Task brief: With pictures excluded, repeat exactly the lines from the one containing "PAISLEY PATTERN BLUE CARNIVAL GLASS BUTTON" through the last line of the material below.

Data extract:
* * * * * * * * *

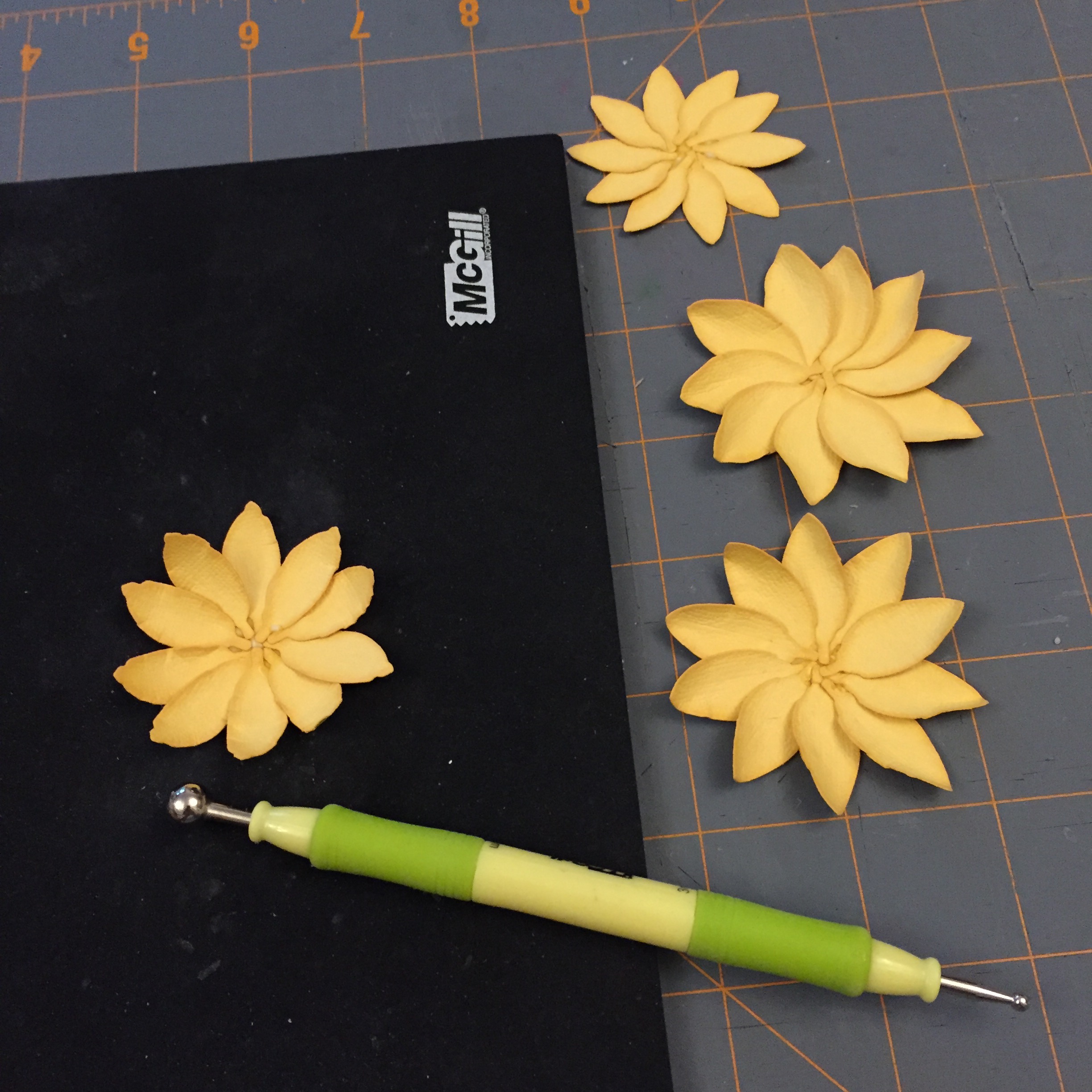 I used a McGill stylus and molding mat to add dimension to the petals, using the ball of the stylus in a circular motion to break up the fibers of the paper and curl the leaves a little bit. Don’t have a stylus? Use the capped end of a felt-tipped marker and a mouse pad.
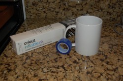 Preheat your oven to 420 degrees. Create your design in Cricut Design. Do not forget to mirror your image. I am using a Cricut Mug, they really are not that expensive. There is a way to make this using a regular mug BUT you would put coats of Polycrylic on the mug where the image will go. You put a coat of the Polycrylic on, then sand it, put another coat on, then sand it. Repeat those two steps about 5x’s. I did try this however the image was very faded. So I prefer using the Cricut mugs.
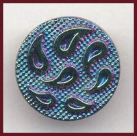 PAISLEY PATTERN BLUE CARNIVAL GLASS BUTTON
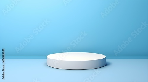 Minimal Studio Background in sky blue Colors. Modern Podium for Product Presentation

* * * * * * * * *

Answer section:
 PAISLEY PATTERN BLUE CARNIVAL GLASS BUTTON
 Minimal Studio Background in sky blue Colors. Modern Podium for Product Presentation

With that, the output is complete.